Eliki and Lavenia Drodrolagi spent 16 years church planting in Chad. We asked them about their experience….
Looking back, what were your greatest challenges?
Eliki: Streets full of soldiers, extreme heat, our house being stoned, my wife harassed, and two occasions of serious illness, one in which I just wanted to die.
Lavenia: The constant tension of living on the edge in this difficult physical and spiritual climate. Whenever the plane takes off out of Chad I physically feel a weight lift off me. There are military with guns making their presence felt wherever you drive, intimidation from police hoping to get bribes, and overwhelming numbers of beggars, “How should I respond?” Besides that, we had little electricity to help cool us down and often we had to get up at 2am to fill all the barrels with water when it came on.

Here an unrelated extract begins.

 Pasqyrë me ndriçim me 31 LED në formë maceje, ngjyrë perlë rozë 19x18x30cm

What about your best moments?
Eliki: The difficulties do not compare with the joy in seeing people believe and attending their baptisms. Fun with the WEC team! There is such a sense of oneness and support in this very international team. Also personally for me coming from Fiji, I felt small and insignificant, but the team did not see that and elected us as leaders.
Lavenia: Best moments are the sunsets and the stars! Going back to Adre to say goodbye, it was such a joy seeing the believers continuing in their faith having not given up.

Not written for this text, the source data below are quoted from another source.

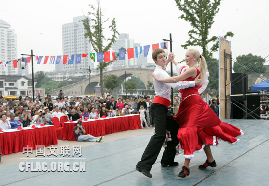 10月7日晚,由中国文联和江苏省人民政府共同主办,江苏省文化厅、江苏省文联、苏州市人民政府联合承办的第八届中国国际民间艺术节,在苏州工业园区科技文化艺术中心隆重开幕。艺术节期间,来自世界五大洲14个国家的1200多名中外艺术家,在江苏苏州5市7区,采用舞台演出和即兴展示相结合的方式进行巡回展演。图为10月9日,来自俄罗斯的艺术家们在古胥门广场为苏州市民进行表演,受到大家的热烈欢迎。中国文联网 余宁 摄
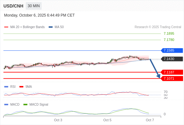 备选策略: 向上突破 7.1585 ,将带来继续上行的趋势,目标位定在 7.1780 和 7.1895 。
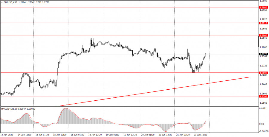 Из фундаментальных событий четверга, естественно, выделяется заседание Банка Англии. Никто не сомневается в том, что ключевая ставка вырастет через несколько часов еще на 0,25%, а некоторые эксперты после вчерашнего отчета по инфляции считают, что ставка может вырасти даже на 0,5%. Мы не считаем, что это произойдет, но в любом случае нас ждет повышенная волатильность. Также следует выделить второе выступление Джерома Пауэлла в Конгрессе США, так как вчера первое выступление спровоцировало довольно сильное движение по обеим парам. Вряд ли господин Пауэлл сегодня сообщит что-либо новое, но он и вчера ничего нового не сообщил. Таким образом, это событие тоже может оказать значительное влияние на движение обеих пар. Все остальные события носят второстепенный, фоновый характер. В Евросоюзе состоится очередное выступление Луиса де Гиндоса, в США – сразу несколько представителей монетарного комитета ФРС поделятся своим мнением относительно текущего положения вещей в экономике и политике центробанка. Будут выступать «первые лица» FOMC – Лоретта Мейстер, Кристофер Уоллер, Мишель Боуман, Томас Баркин. Все выступления можно считать интересными, но рынок сейчас отлично понимает, чего ожидать от ФРС, так как последние два выступления Пауэлла дали исчерпывающий ответ на этот вопрос. Общие выводы:В четверг важных и просто интересных событий будет предостаточно. Конечно, трейдерам следует сосредоточить основное внимание на заседании Банка Англии и втором выступлении Пауэлла. Однако и все остальные события имеют возможность повлиять на движение пар. Основные правила торговой системы:1) Сила сигнала считается по времени, которое потребовалось на формирование сигнала(отскок или преодоление уровня). Чем меньше времени потребовалось, тем сильнее сигнал. 2) Если около какого-либо уровня были открыты две или больше сделки по ложным сигналам, то все последующие сигналы от этого уровня следует игнорировать. 3) Во флэте любая пара может формировать массу ложных сигналов или же не формировать их вовсе. Но в любом случае при первых признаках флэта лучше переставать торговать. 4) Торговые сделки открываются во временной период между началом европейской сессии и до середины американской, когда все сделки должны быть закрыты вручную. 5) На 30-минутном ТФ по сигналам от индикатора MACD можно торговать только при наличие хорошей волатильности и тренда, который подтверждается линией тренда или трендовым каналом. 6) Если два уровня расположены слишком близко друг к другу(от 5 до 15 пунктов), то следует рассматривать их, как область поддержки или сопротивления. Что на графиках:Ценовые уровни поддержки и сопротивления – уровни, которые являются целями при открытии покупок или продаж. Около них можно размещать уровни Take Profit. Красные линии – каналы или линии тренда, которые отображают текущую тенденцию и показывают в какую сторону предпочтительно сейчас торговать. Индикатор MACD(14,22,3) – гистограмма и сигнальная линия – вспомогательный индикатор, который также можно использовать в качестве источника сигналов. Важные выступления и отчеты(всегда содержаться в календаре новостей) могут очень сильно влиять на движение валютной пары. Поэтому во время их выхода торговать следует максимально осторожно или выходить из рынка во избежание резкого разворота цены против

What kinds of things has God been teaching you in Chad?
Eliki: Learning the sovereignty of God in working things out. I learnt to relax. One time rebels attacked Adre and we could not get word to Mutupo who was on his way to us. He turned up on foot. The car he and others were in had rolled 20 minutes out of town. No one was hurt. Actually the hole in the road they had hit was so small we wondered how the car could have possibly rolled. Yet, had they driven into town they would have been shot at.
Lavenia: I learnt living by God’s grace and faithfulness. One time I took a car to go and find Eliki. Unknown to me it had flooded in another area of the country. Eliki was camping by a big wadi waiting for the water to subside. I got to the first small wadi and my passengers reassured me it was ok to cross. The car got stuck midstream, water rising. We had to walk in the dark 3km back to Adre. Meanwhile rumour had got back to our team in Adre that ‘the car had been eaten’. The next morning a tractor appeared in town and was able to pull the car out. Never before or since has a tractor been seen in that remote part of the world!
How would you sum up your years of service in Chad?
By this poem, author unknown…..
Pressed out of measure and pressed to all lengths,
Pressed so intensely it seems beyond strength,
Pressed in the body and pressed in the soul,
Presses in the mind till the dark surges roll,
Pressed by foes and a pressure from friends,
Pressure on pressure till life nearly ends,
Pressed into knowing no helper but God,
Pressed into loving the staff and the rod,
Pressed into liberty where nothing clings,
Pressed into faith for impossible things,
Pressed into living a life in the Lord,
Pressed into living a Christ life out-poured.